A week on from the Chancellor’s speech, the Bank of England halved its growth forecast for the year and economists are warning that increased government borrowing costs and lower growth forecasts will squeeze the Treasury’s sliver of fiscal headroom even further. As her leeway evaporates, the Chancellor’s iron clad rules will be put under further pressure as she faces the disastrous prospect of breaking her manifesto promise not to raise personal taxes. Reneging on that commitment would be bad for everyone - business, consumers and the economy – for the Labour government, that isn’t just an economic problem, it’s a political one.
Measures announced in November’s Budget are contributing to the anaemia driving lower growth forecasts. But there are some immediate steps that the government can take now to reverse that malaise and drive growth today, and we have been clear on these in our communication with the Chancellor and her team.
My ask of the Chancellor is to get the balance right, show her strength of leadership and pivot in four key moves:
- Phase the timing of the NICs threshold decrease over two years to help employers manage the impact. This was tabled by Lord Wolfson; it is an idea that I wholeheartedly support and have also raised with the Chancellor. It will give retailers some breathing space to manage the increase in the National Living Wage – which I see as a good cost.
- Delay the increase in EPR fees and, more broadly, pause and review all Defra circularity schemes. They have been poorly planned and evidence to date shows that they are highly costly and nigh on impossible to operate.
- Rethink the approach to business rates. We need a proper review of business taxation facing retailers, not a tweak which redistributes funds within the sector. The £500k threshold hits high street stores, which I know the Government did not foresee, so take those stores out of it.

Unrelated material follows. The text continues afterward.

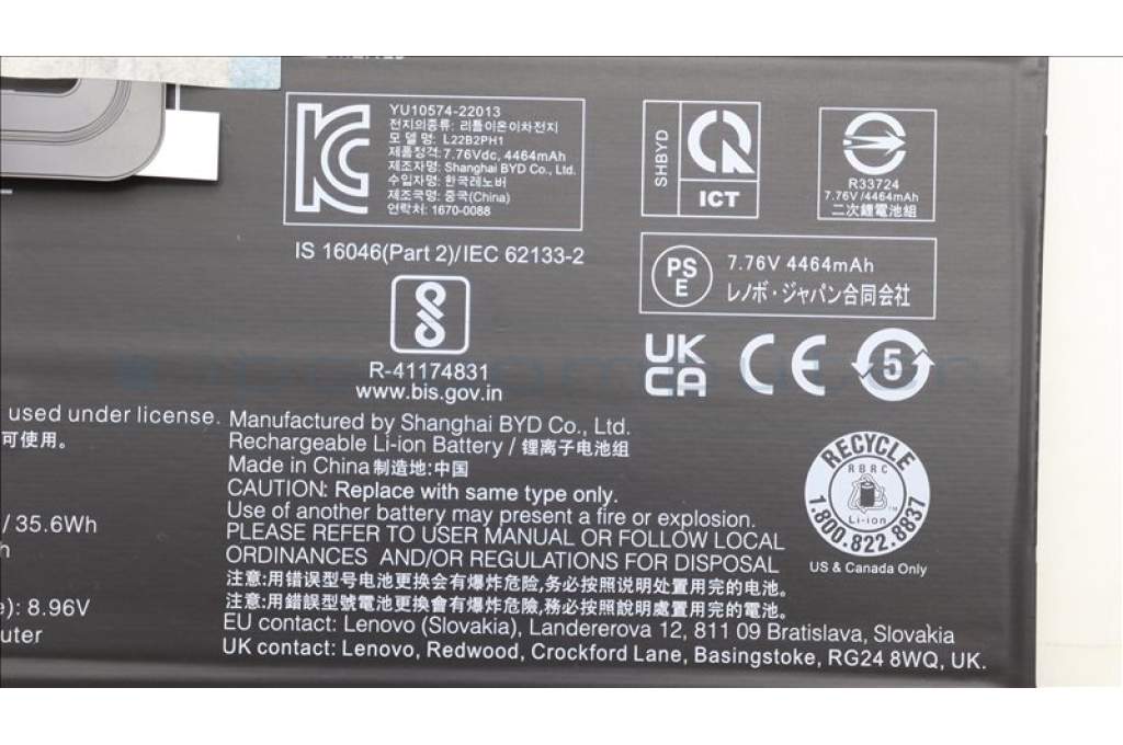 Lenovo 5B11K59566 BATTERY 2cell 35.6Wh 7.76V L22B2PH1 BYD

- Ensure the Secretary of State for Environment, Food & Rural Affairs works with the sector, not against it. Co-create a Food Strategy focused on growing British food production, push on with a Veterinary Agreement to help smooth the impact of Brexit, and think again on Inheritance Tax. These would be the right decisions for the environment and welfare too.

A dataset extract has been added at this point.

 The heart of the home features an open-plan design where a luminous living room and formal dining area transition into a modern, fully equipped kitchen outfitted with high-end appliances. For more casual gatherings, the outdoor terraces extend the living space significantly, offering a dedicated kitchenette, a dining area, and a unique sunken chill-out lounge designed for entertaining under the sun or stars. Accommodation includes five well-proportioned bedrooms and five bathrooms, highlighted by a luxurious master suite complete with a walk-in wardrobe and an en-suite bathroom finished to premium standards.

At M&S we talk about ‘the unvarnished truth’ – getting the thorny issues on the table and admitting when we need to change a decision. We have a culture where we say it like it is and talk about our mistakes. Business leaders constantly react to a changing world and new pressures, balancing the short and long term, being open when we get things wrong and course correcting. Looking after growth today, to enable investment in tomorrow. The Government must do the same and it will be respected for its strength of leadership and honesty if it does. The Chancellor must act now.